Через час друзья опустили деньги в кружку и вышли. Толстопят все дурачился.
– Я шел от тебя, дорогая моя. Как стали красивы дома! Как светло небо! И какая тишина в Екатеринодаре. До звезды слышно. Взберемся на каланчу?
– Ну, хватит, хватит, – унимал его Бурсак, желавший поскорее расстаться, пойти домой и почитать Цицерона. – Зачем казаку ломаться?

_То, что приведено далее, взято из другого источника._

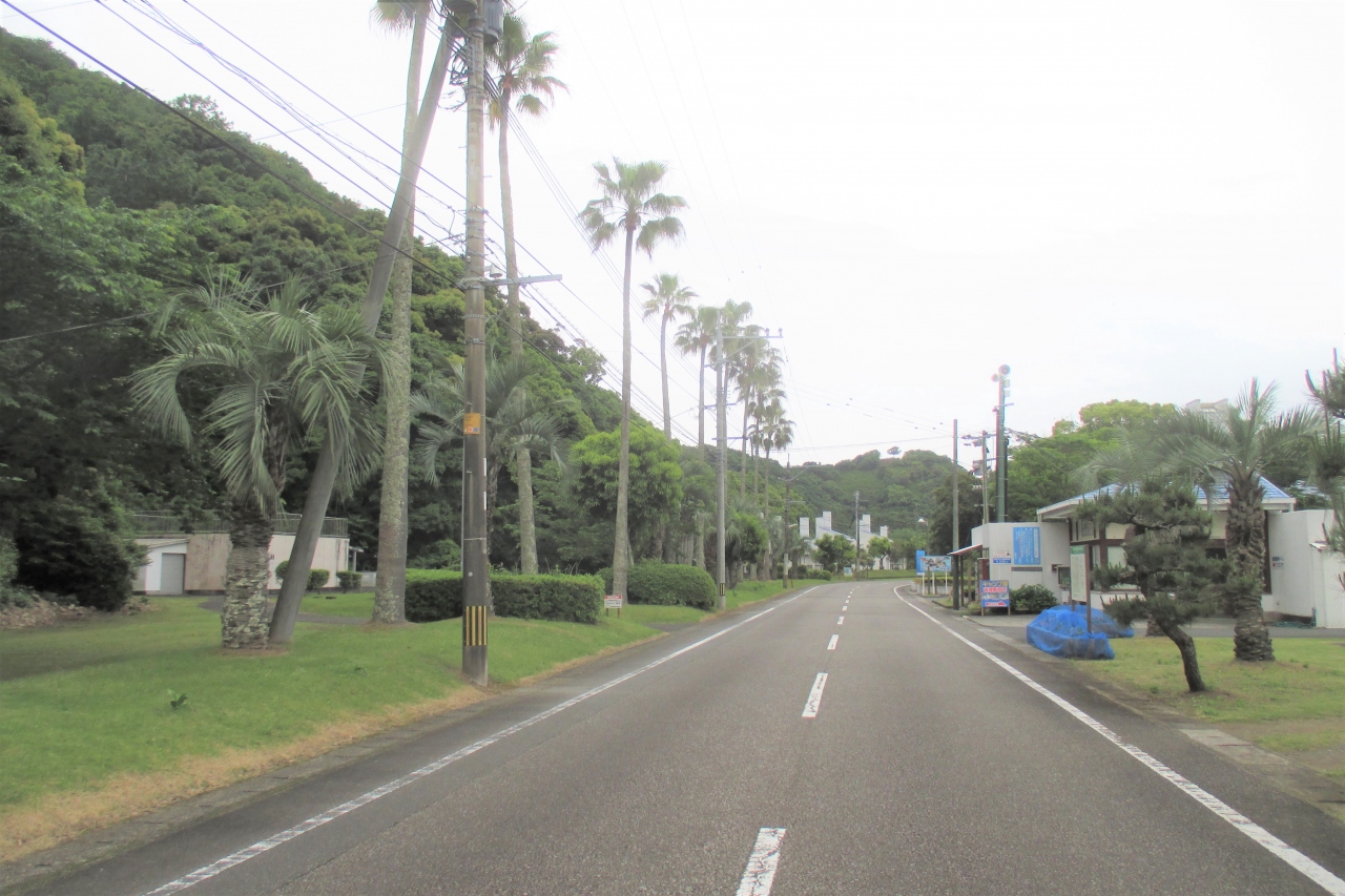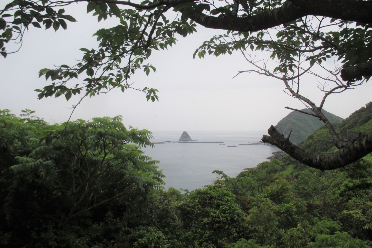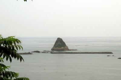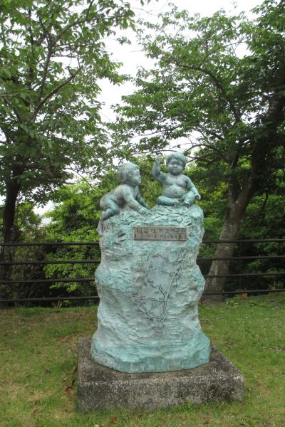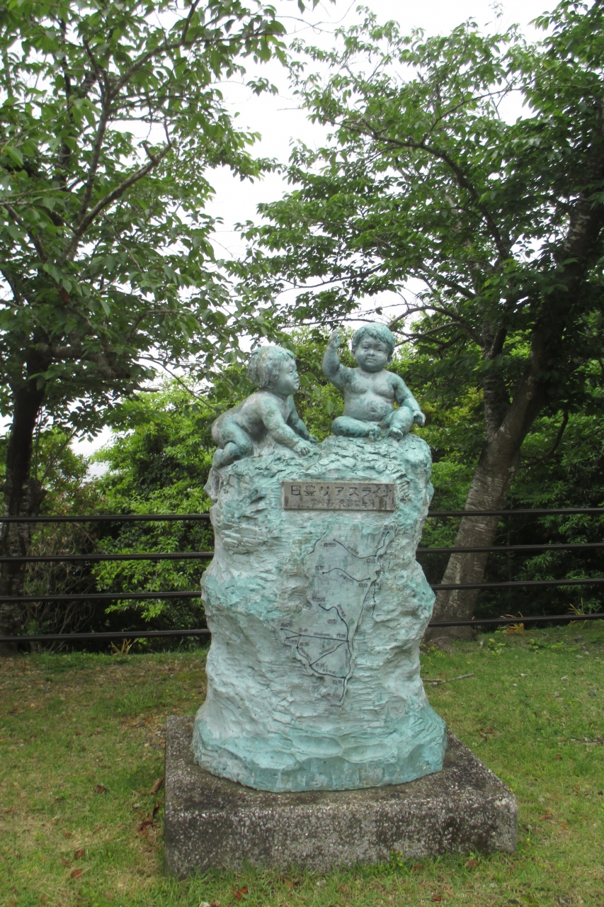 七ツ島展望所は、須美江家族旅行村の西端から旧道を進んだところにありました。展望所という割りには、周りに木々が多く、展望が良いとは言えません。また、七ツ島という島が見える訳でもありませんでした。先端方向を見ると、今まで何回か目にしてきた、特徴的な形をした立礁が見えました。その右横の磯場は二子礁ではないかと思います。展望所の一画に、天使の様な赤ちゃんが2人乗った石碑がありました。近付くと、宮崎県愛称ロード「日豊リアスライン」の記念碑でした。国道388号線に付けられた愛称ですが、今は内陸部を真っ直ぐに突き抜けています。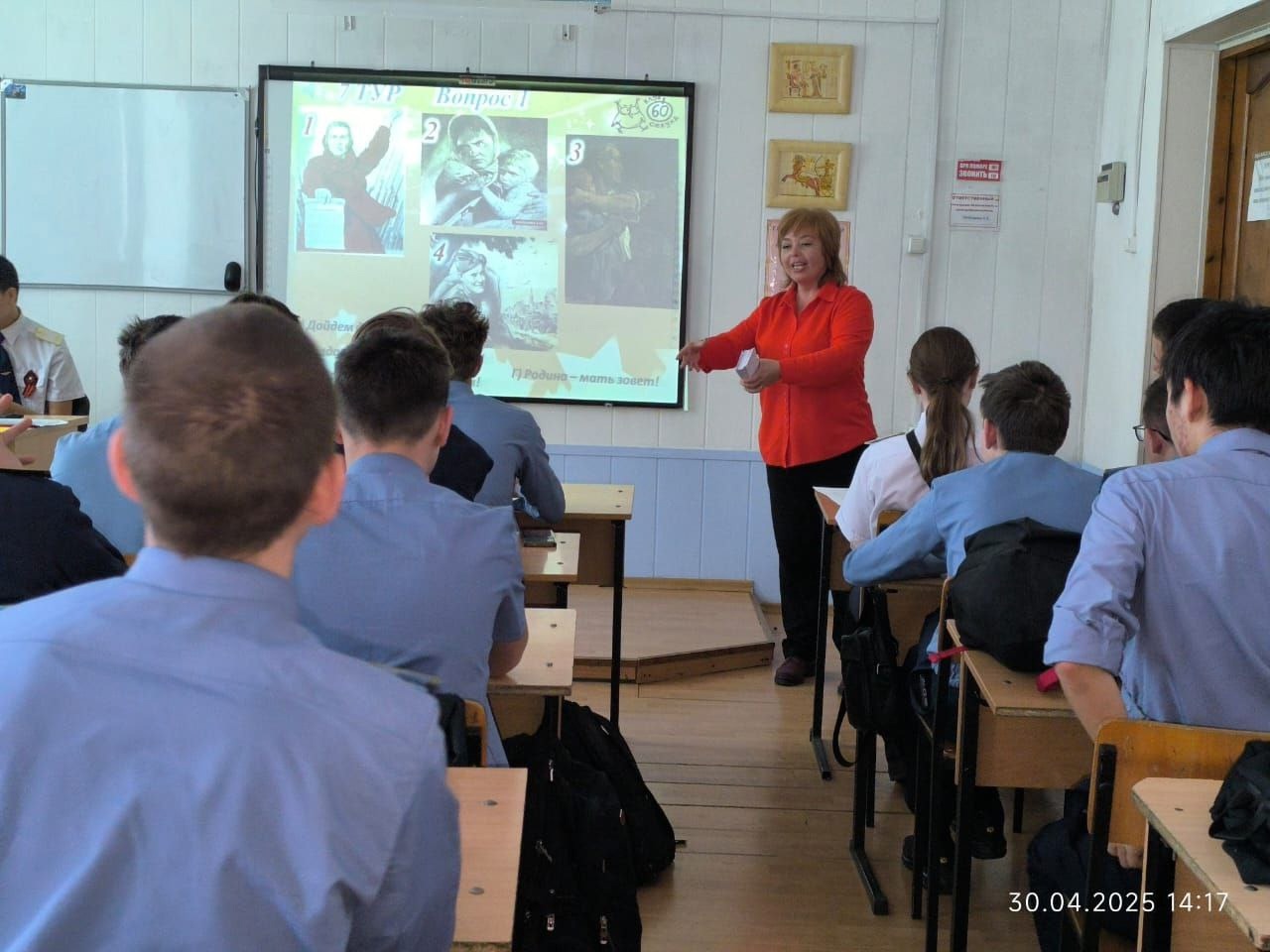 Также, ребятам был представлен обзор книжной выставки "Читаем книги о войне ", оформленной в читальном зале.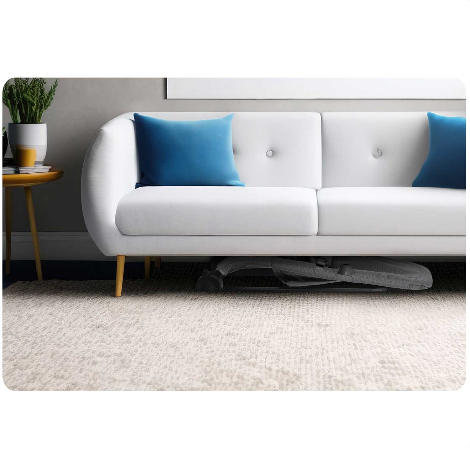 Důraz na bezpečí a praktičnost podtrhují 3bodové pásy, protiskluzové nožky a stabilní, lehká konstrukce. Sedací potah lze snadno sejmout a prát ručně pro hygienické používání. Lehátko složíte na plocho – to šetří místo doma i při převozu a usnadňuje přenášení. Díky kompaktním rozměrům základny je dítě vždy nablízku a snadno se zapojí do každodenního dění v domácnosti.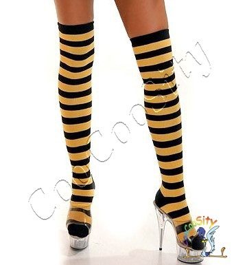 Полосатые желто-черные чулки смогут стать хорошим дополнением к различным костюмам.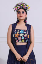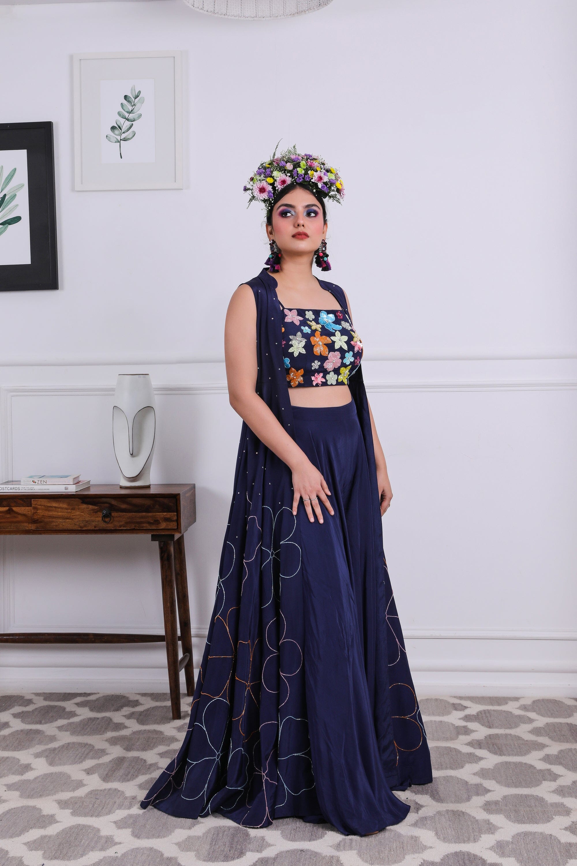 Separates that together make you the show stopper of any event, be it day, or night. Astral Blue embroidered cape, floral crop top complete with flared pants.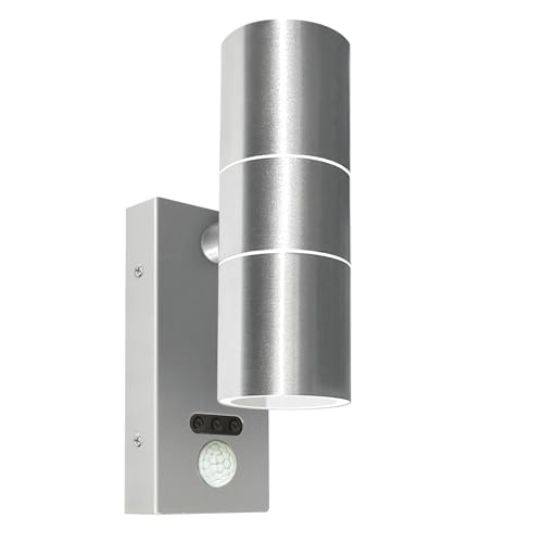 Kerry Outside Wall Lights with Sensor, IP65 Waterproof Up Down Outdoor Lighting, External Pir Wall Mount Security Light, Silver Stainless Steel Exterior Light Mains Powered for Front Door (Bulb Excl.)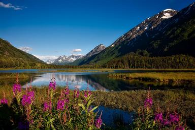 Keywords: chugach national forest alaska landscape scenic snowcap sky clouds wilderness nature outdoors forest trees woods valley beautiful travel vacation holiday picturesque lake water reflections flowers plants fireweed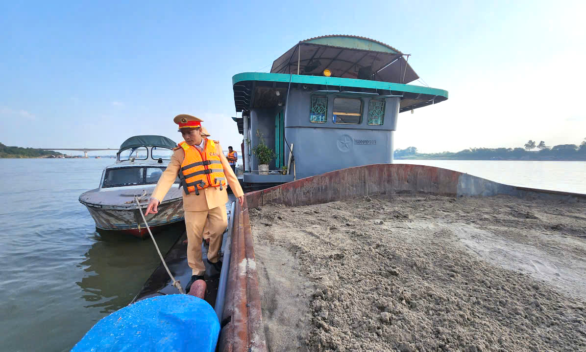 Trong quá trình kiểm tra, Đội Cảnh sát giao thông đường thủy số 2 đã dừng và xử phạt tàu PT-VP 1872 do ông Đỗ Văn Phú (xã Nguyệt Đức) điều khiển, với lỗi chở cát vượt quá mớn nước an toàn. Ông Phú thừa nhận vi phạm, chấp hành xử phạt và cam kết không tái phạm.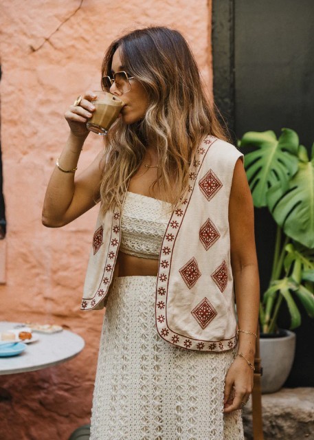Introducing our Sage Vest - with unique burgundy embroidery, turning this vest into a true statement piece. Crafted from lightweight cotton, it ensures a relaxed, laid-back fit, ideal for embracing comfort while effortlessly making better any outfit. Get creative and layer it over your favourite shirt or dress.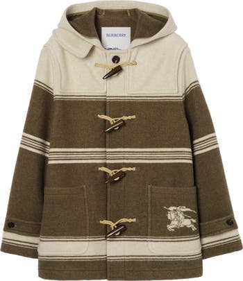 The Harrogate duffle coat is made from a wool cotton blend, woven with contrasting stripes and our Equestrian Knight Design. The hooded style is cut to a relaxed fit and features logo-engraved toggles in the shape of our B shield.||Button and toggle closure|Throat latch|Side patch pockets|Button-tab cuffs|Comes with a garment bag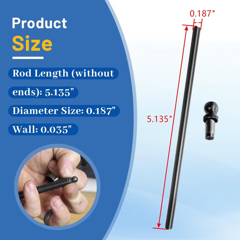 - Size:0.187 Diameter; Rod Length (without ends): 5.135"; Wall: 0.035"
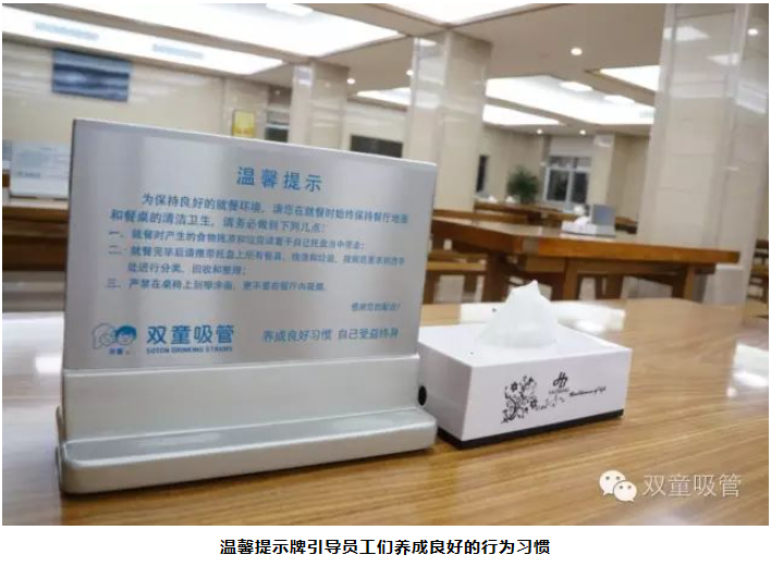 在“雙童”600余人就餐的員工餐廳里,濕垃圾也是“雙童”垃圾分類(lèi)經(jīng)的一大重點(diǎn)!“五個(gè)碗”是雙童員工的餐具標(biāo)配,在每張餐桌上都擺放著用餐規(guī)范的標(biāo)語(yǔ)提示牌。

– Нет, постой. Подожди минуточку.
Бурсак ждал его полчаса. У воротец Екатеринодарской церкви сидели калеки, слепые, старики. Родственной улыбкой, крестным знамением, поклонами благодарили они за подаяния. У каждого на земле свой уголок надежды и утешения. Ходишь мимо них без души, бросишь копейку мужику с обрубленными руками и через несколько шагов уже переминаешь свои думы, все тебе мало от жизни, но не дай же бог принять такую же кару земную. Дема подошел к нищим и побросал им монеты в ладошки. «Храни тебя, сынок, заступница небесная, – отвечали ему. – Да пребудет счастье с тобою». На другой стороне улицы из открытых окон казенного дома торжественно вырывались звуки марша. Показался наконец Толстопят.
Он ступал широко, упрямо, и робкому надо было увиливать в сторону, иначе...
– И что? – недовольно спросил Бурсак.
– Ты ждешь, чтобы я доложил? Не будет этого. Я ей сказал: «Перед тем как ложиться спать, прикажите прислуге, чтобы проверила, хорошо ли заперта дверь и вправлена ли цепочка».
– Опять по-куркульски. Я начинаю понимать, за что тетушка так недолюбливает казаков.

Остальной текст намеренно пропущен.